▶ [Excerpted records]:

=== Begin Enclosure ===

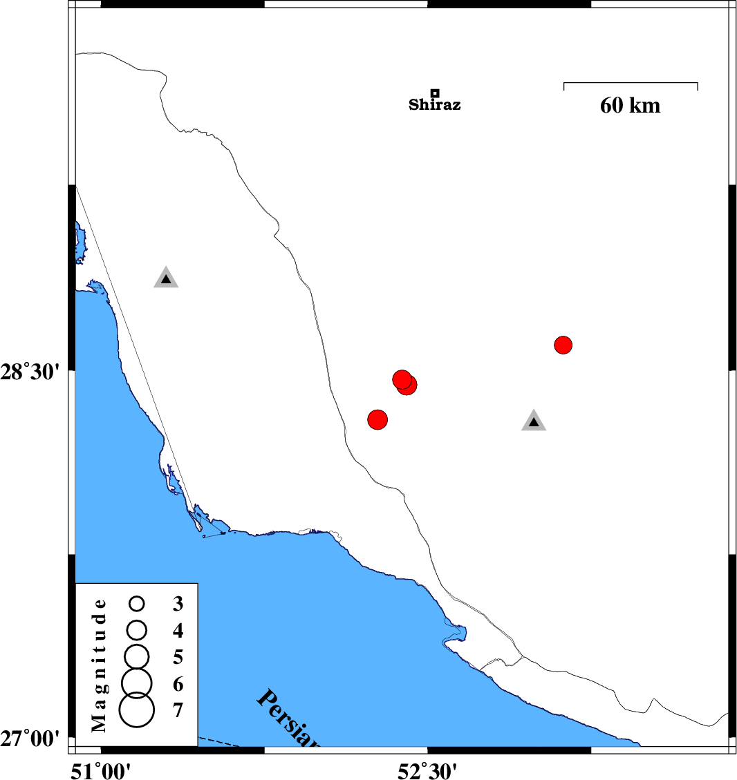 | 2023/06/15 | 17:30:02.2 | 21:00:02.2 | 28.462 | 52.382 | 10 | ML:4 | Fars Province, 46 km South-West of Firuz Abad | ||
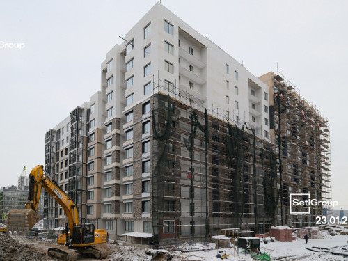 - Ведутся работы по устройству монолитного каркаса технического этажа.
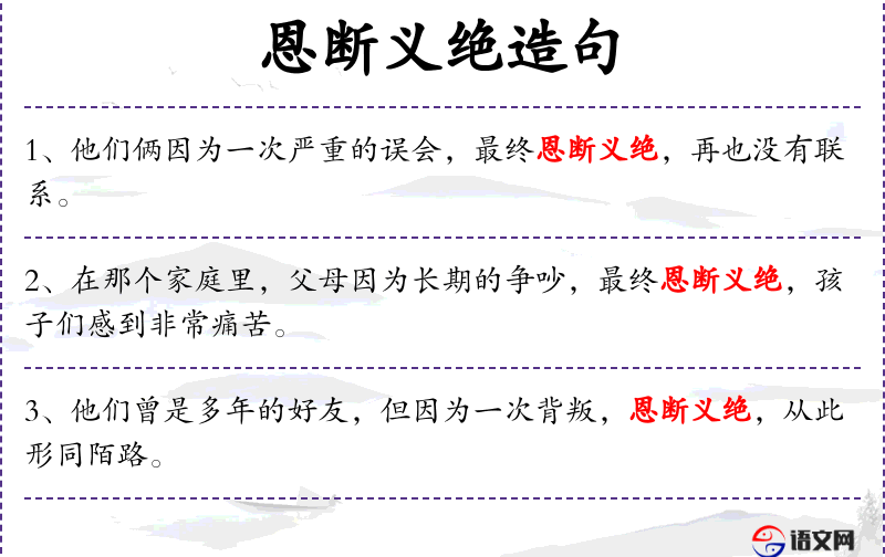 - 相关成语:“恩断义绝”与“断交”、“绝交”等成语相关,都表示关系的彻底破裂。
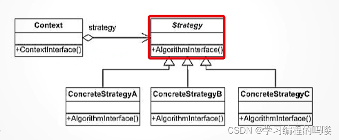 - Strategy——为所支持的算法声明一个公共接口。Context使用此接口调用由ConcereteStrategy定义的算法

=== End Enclosure ===
=== Begin Enclosure ===

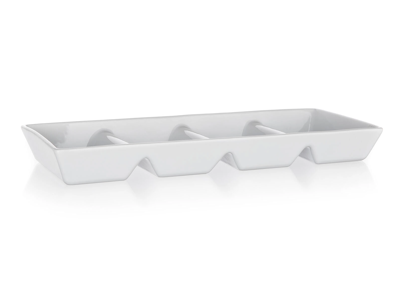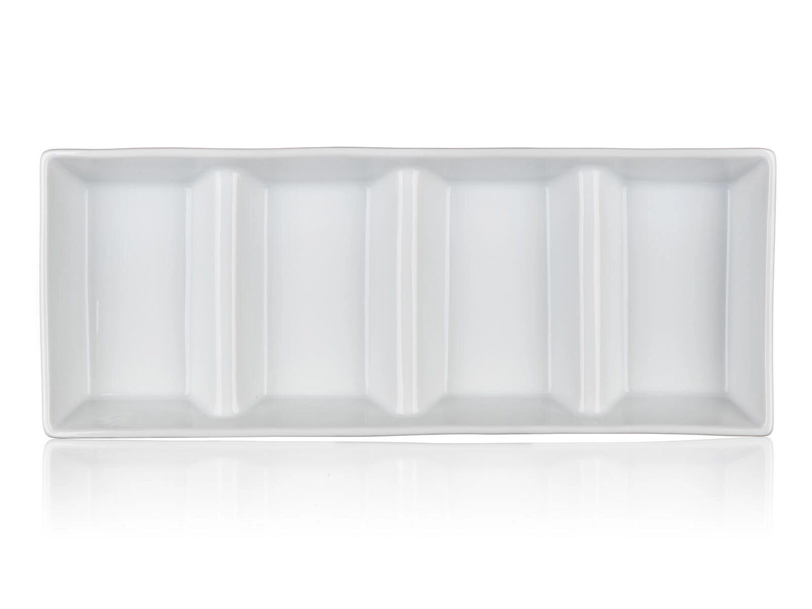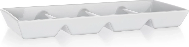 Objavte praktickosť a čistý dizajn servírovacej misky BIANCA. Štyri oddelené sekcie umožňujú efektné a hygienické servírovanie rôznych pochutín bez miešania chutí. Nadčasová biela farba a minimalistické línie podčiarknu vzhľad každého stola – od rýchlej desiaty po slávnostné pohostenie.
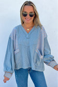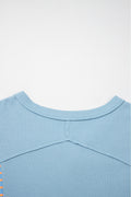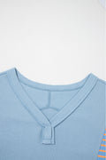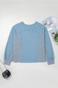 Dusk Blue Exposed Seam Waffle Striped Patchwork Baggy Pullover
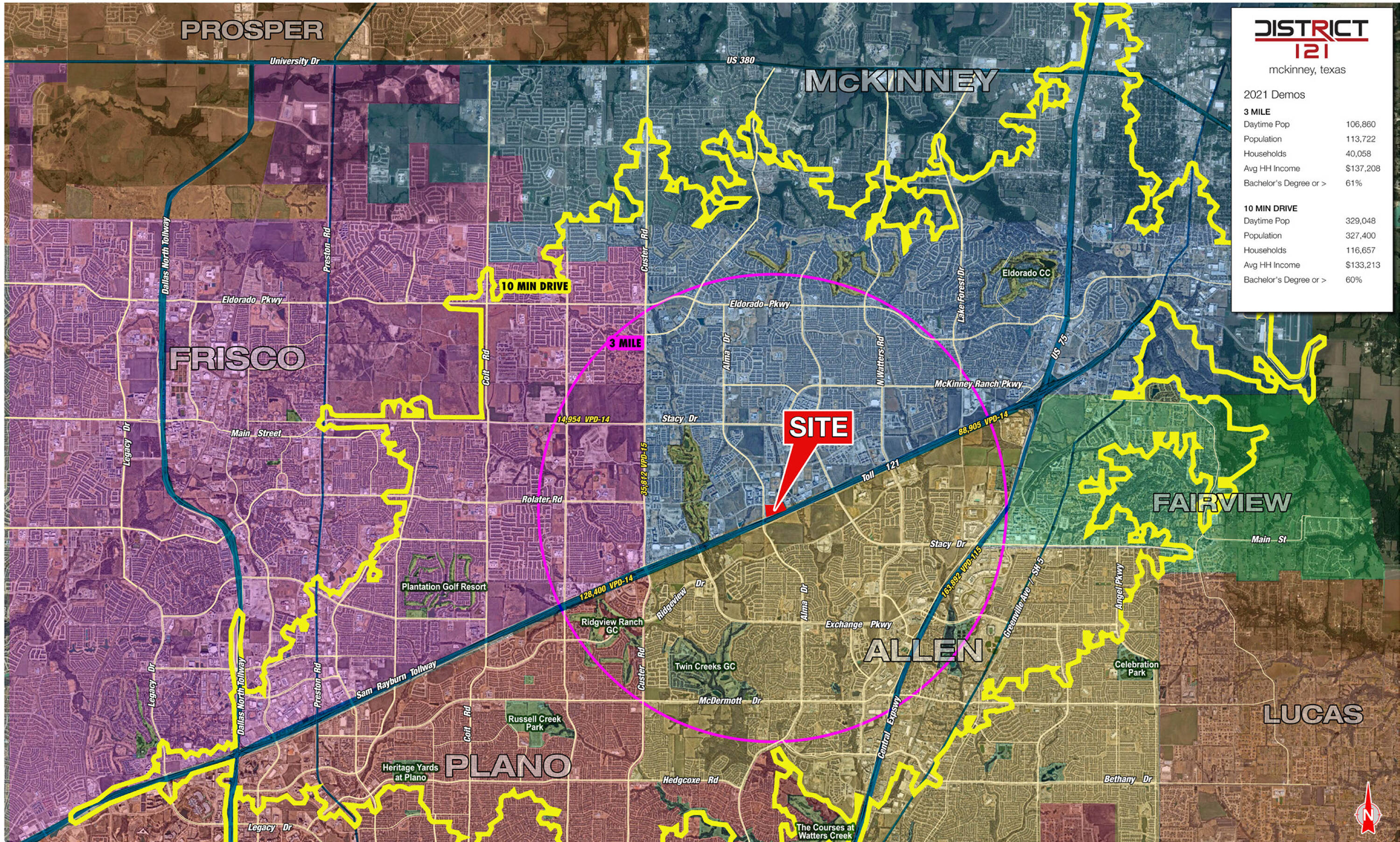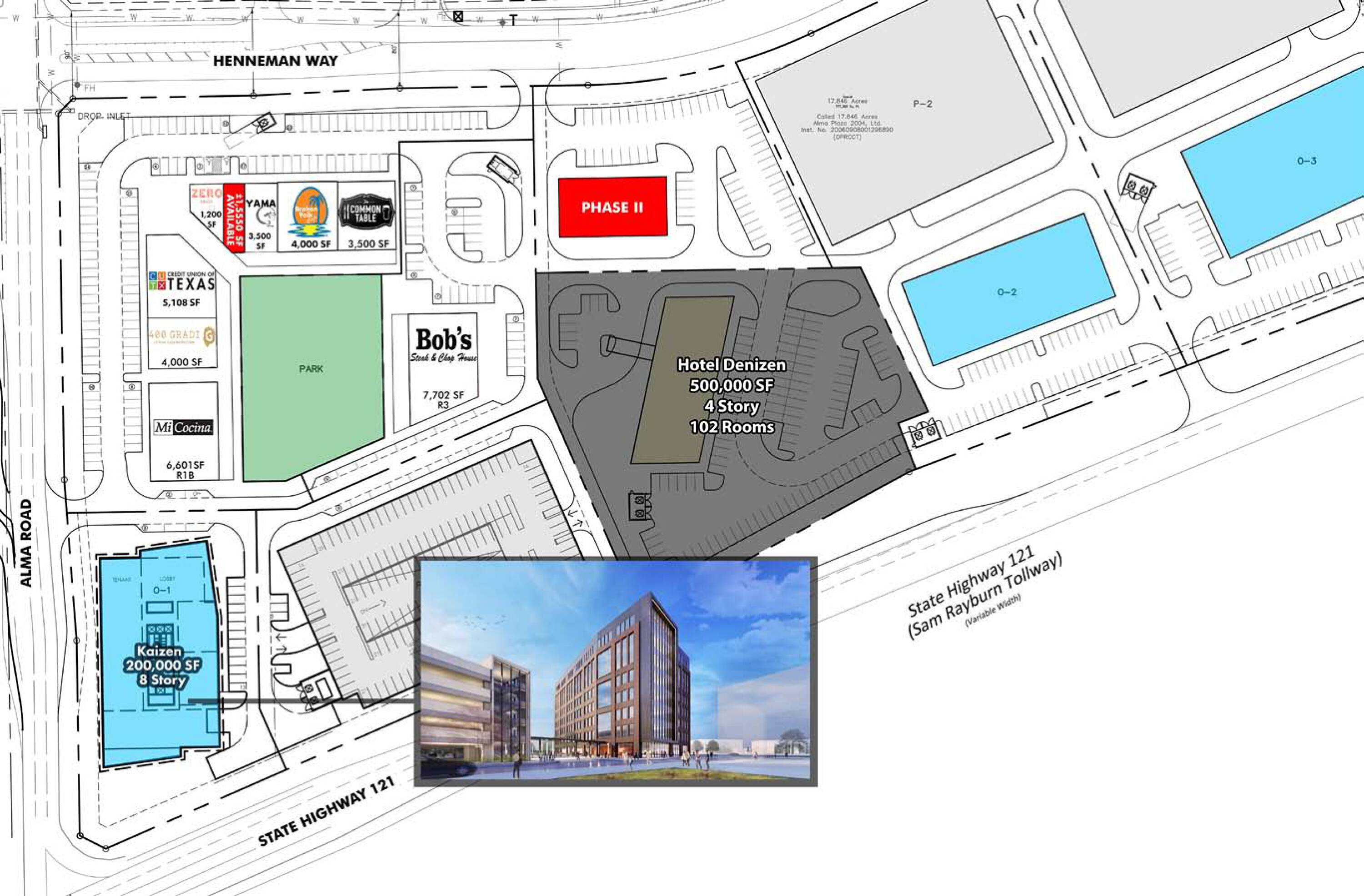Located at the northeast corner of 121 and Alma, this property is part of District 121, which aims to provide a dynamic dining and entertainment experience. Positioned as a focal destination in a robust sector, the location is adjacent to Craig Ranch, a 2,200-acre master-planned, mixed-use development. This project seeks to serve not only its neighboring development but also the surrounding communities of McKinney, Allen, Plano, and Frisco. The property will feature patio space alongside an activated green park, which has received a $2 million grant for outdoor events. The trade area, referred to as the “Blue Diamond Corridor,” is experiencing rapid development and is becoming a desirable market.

=== End Enclosure ===
=== Begin Enclosure ===

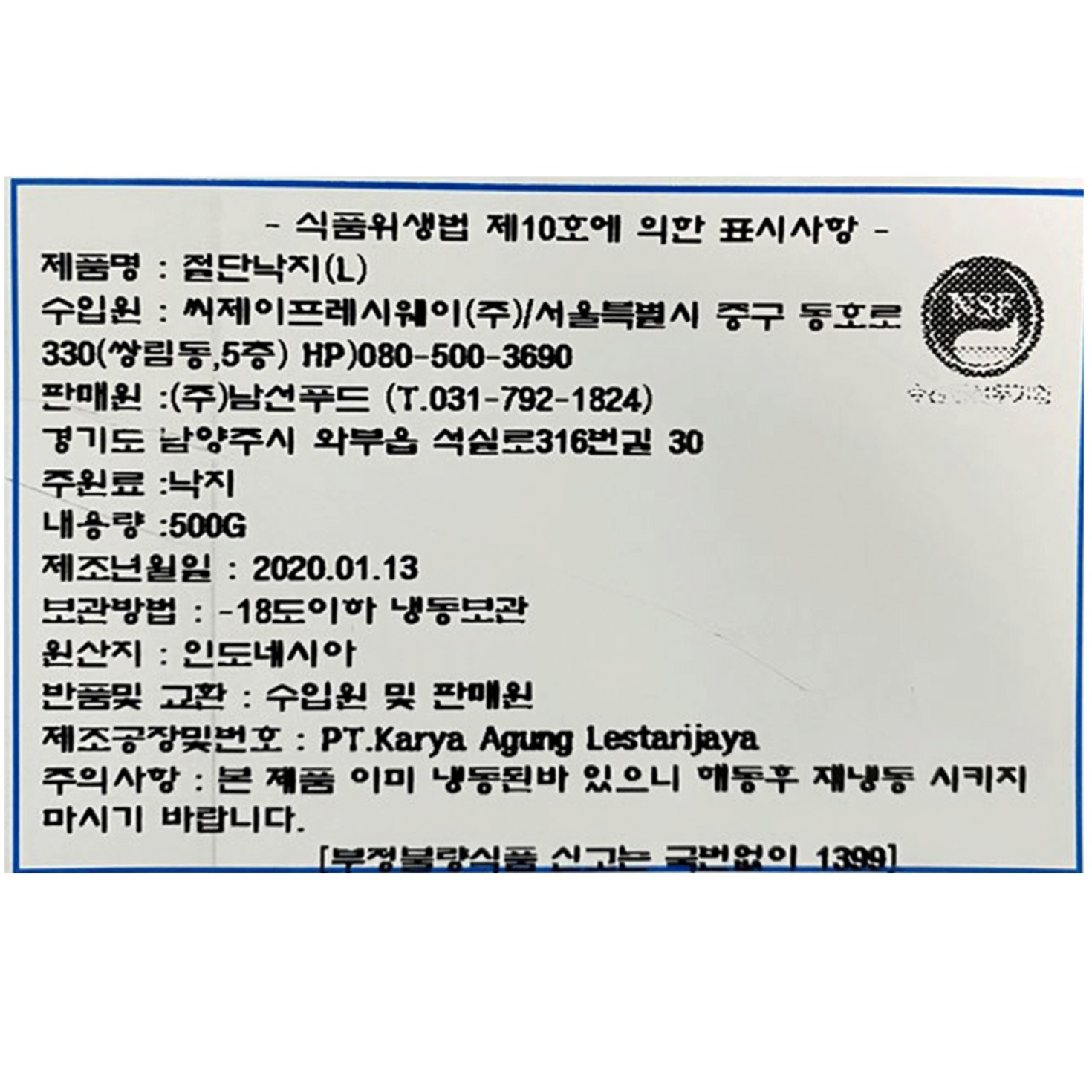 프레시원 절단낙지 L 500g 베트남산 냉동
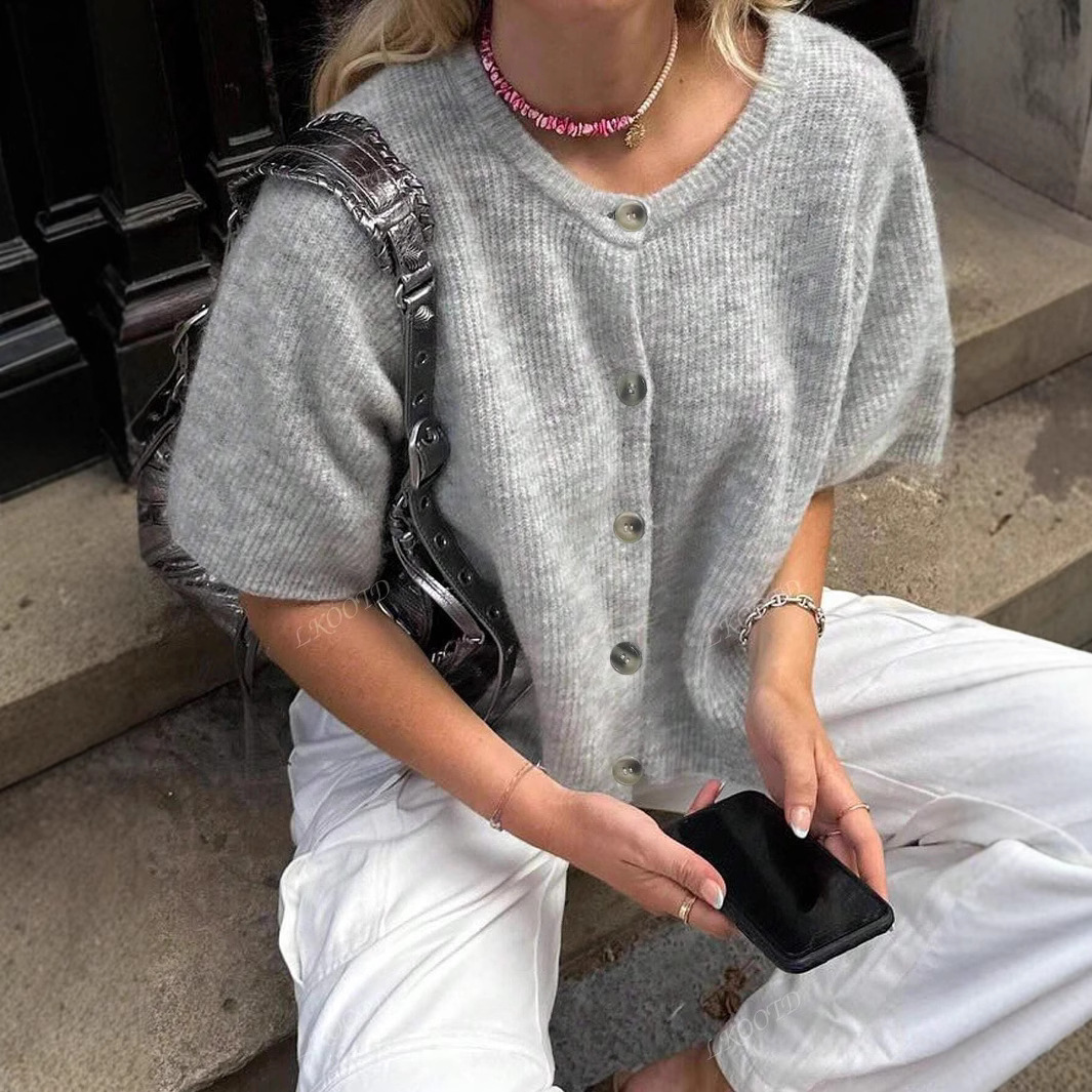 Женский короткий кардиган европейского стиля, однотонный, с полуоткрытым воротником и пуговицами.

=== End Enclosure ===

▶ [What to produce]:
Repeat only the stretch of data above that runs from the line with "Objavte praktickosť a" to the line with "Dusk Blue Exposed". Keep both end lines; exclude pictures.

▶ [Result for this exercise]:
 Objavte praktickosť a čistý dizajn servírovacej misky BIANCA. Štyri oddelené sekcie umožňujú efektné a hygienické servírovanie rôznych pochutín bez miešania chutí. Nadčasová biela farba a minimalistické línie podčiarknu vzhľad každého stola – od rýchlej desiaty po slávnostné pohostenie.
 Dusk Blue Exposed Seam Waffle Striped Patchwork Baggy Pullover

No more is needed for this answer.